Joins and Implementation of relationships in sql

We have three types of relationships in SQL.

  • one-to-one
  • one-to-many
  • many-to-many
  • To implement these relationships

    One-to-one: Use foreign key to the referenced table
    Example:
    Student: sid, fname, lname, addressId
    Address: addressId, adress, city, sid

    One-to-many: Use foreign key on the “many” side of the relationship linking back to the “one” side.
    Example:
    Teacher: tid, fname, lname
    Classes: cid, cname, tid    
    Note: Here table ‘Teacher’ is one side and table ‘Classes’ is on many side

    Many-to-many: Use junction table.
    The junction table stores the primary keys of each table that is involved in the relationship.
    Example:
    Student: sid, fname, lname
    classes: cid, cname, tid
    student_classes: cid, sid

    Joins

    Here is a very good chart of all joins (and its variations) in SQL
    joins
    Reference: http://stackoverflow.com/questions/38549/difference-between-inner-and-outer-joins

    What is the difference between sub query and co-related subquery

    Sub Query:
    Here inner query gets executed first and based on the result of it the outer query is executed.

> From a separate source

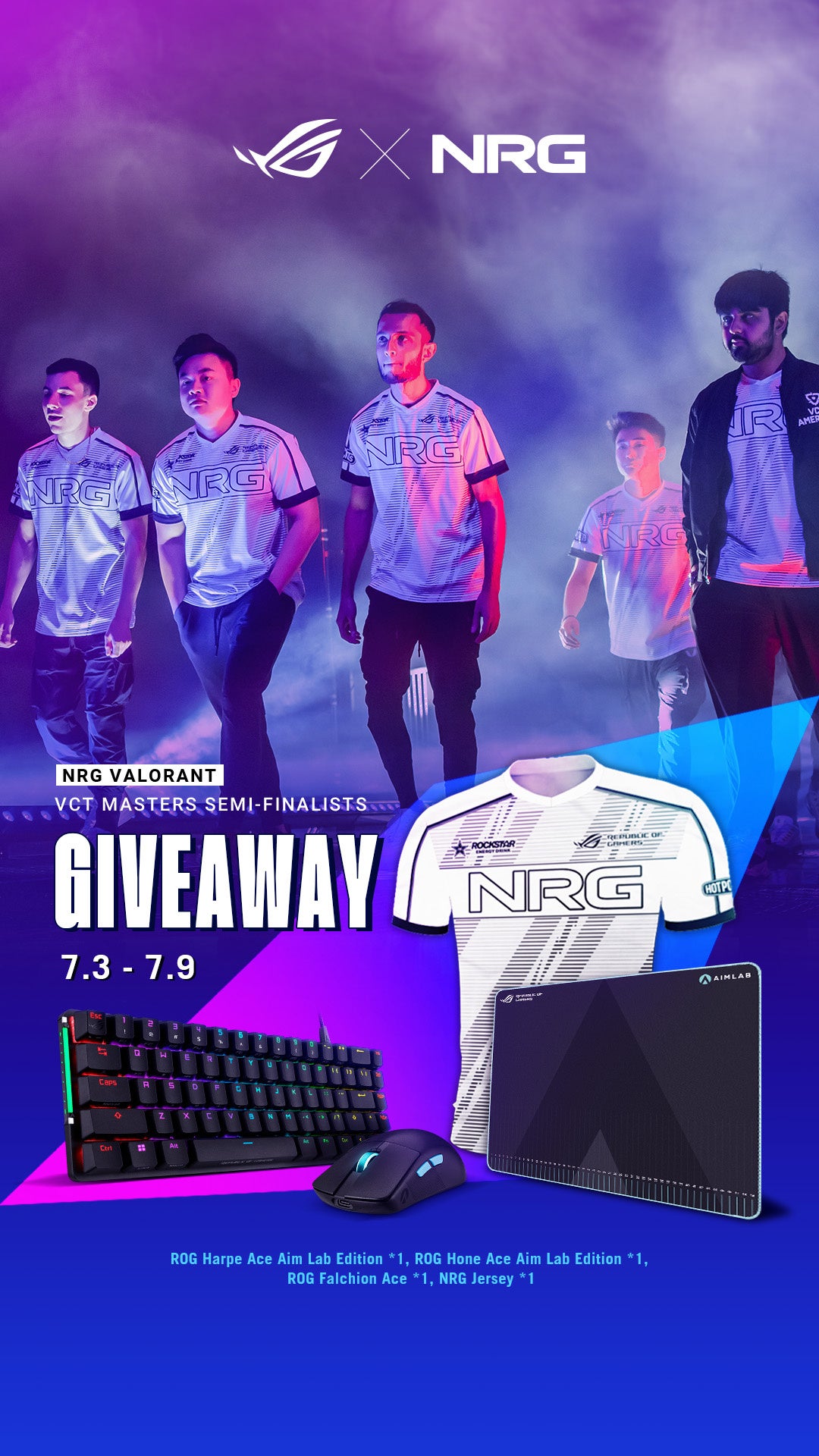 フォロー&RTで、ROG ACEシリーズゲーミングデバイスや、ご自身の名前を入れたNRGユニフォームを計4名様にプレゼントいたします。

    This follows BOTTOM_UP approach, first BOTTOM query (inner query) executes and then UPper query (outer query) executes.

    Problem Statement: Get all the employees whose department name is ‘A’
    Tables are:
    Employee_Table: emp_id_col, emp_name_col, emp_sal_col, emp_dept_id_col
    Dept_table: dept_id_col, dept_name_col, dept_loc_col
    Here dept_id the foreign key

    select * from Employee_Table where 
          empt_dept_id_col = 
          (select dept_id_col from Dept_table where dept_name_col='A')
    

    Correlated Sub Query:
    I would say this as a kind of SELF JOIN. First outer query executes and then inner query and inner query gets evaluated for each row processed by the outer query.

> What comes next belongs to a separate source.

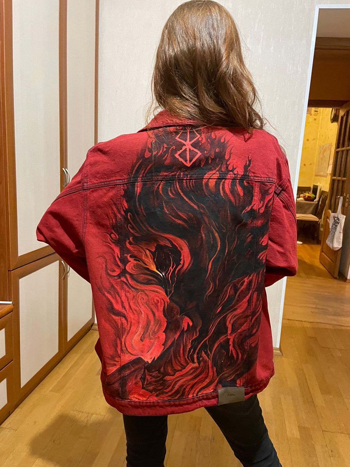 На удивление, это оказалось довольно просто, пару кистей, акриловых красок и маркеров по темной ткани с Леонардо, ну и около 5 часов своей бренной жизни конвертировались в на мой взгляд довольно крутую кастомную джинсовку.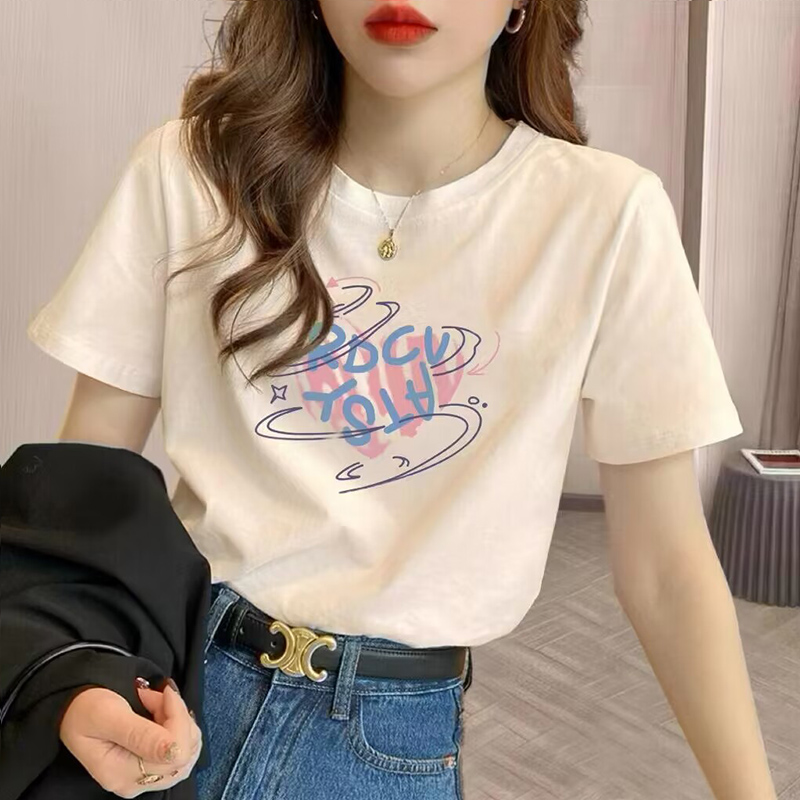白色天丝短袖t恤女夏季高级感小众设计冰丝半袖时尚卡通印花体恤

    This follows TOP-BOTTOM approach
    Problem Statement: Get the list of employees whose salary is greater than the average salary of every department.
    Tables are:
    Employee_Table: emp_id_col, emp_name_col, emp_sal_col, emp_dept_id_col

    select * from Employee_Table e where emp_sal_col > 
       (select avg(emp_sal_col) from Employee_Table m 
            where e.emp_dept_id_col = m.emp_dept_id_col)
    

    Here in outer query the table alias ‘e’ gets evaluated before the inner query executes.

     

    Find nth maximum salary of an employee.

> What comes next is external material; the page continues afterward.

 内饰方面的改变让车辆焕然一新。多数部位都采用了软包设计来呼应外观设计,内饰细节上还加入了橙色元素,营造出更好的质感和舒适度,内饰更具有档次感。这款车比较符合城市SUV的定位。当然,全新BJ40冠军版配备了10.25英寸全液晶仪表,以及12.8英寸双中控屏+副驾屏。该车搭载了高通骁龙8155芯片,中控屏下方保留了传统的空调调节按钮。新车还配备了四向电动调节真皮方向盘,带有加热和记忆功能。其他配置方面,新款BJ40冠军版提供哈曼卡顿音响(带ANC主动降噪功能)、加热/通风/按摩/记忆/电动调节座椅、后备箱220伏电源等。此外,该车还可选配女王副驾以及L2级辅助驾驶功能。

    This is another example of co-related sub query and most frequently asked interview question.

    emp_id_col emp_name_col emp_sal_col
    1 A 100
    2 B 200
    3 C 300
    4 D 400
    select emp_sal_col from Employee_Table e1 
      where 
        N-1 
        = 
        (select count(distinct(emp_sal_col)) from Employee_Table e2 
         where e1.emp_sal_col > e2.emp_sal_col)
    // Where N is nth highest salary that we want to find.
    

    Explanation:
    As correlated subquery operates in top_bottom approach, first outer query executes and then inner query. Here, for every row of outer query, inner query is executed.
    Let’s say we want to find 3rd highest salary(i.e, 200)
    : First row with employee id ‘1’ and sal ‘100’ from outer query is passed to the inner query. In inner query we check count(distinct(sal)) which is ‘4’ where outerEmployeeTableView.sal > innerEmployeeTableView.sal (it means salaries greater than ‘100’) which is ‘3’. Since N-1, that is (3-1 = 2), does not match we go for next row.
    : Second row with employee id ‘2’ and sal ‘200’ from outer query is passed to the inner query. In inner query we check count(distinct(sal)) which is ‘4’ where outerEmployeeTableView.sal > innerEmployeeTableView.sal (it means salaries greater than ‘200’) which is ‘2’. Since N-1, that is (3-1 = 2), matches, outer query returns the salary ‘200’ as output which is 3rd highest salary in the table.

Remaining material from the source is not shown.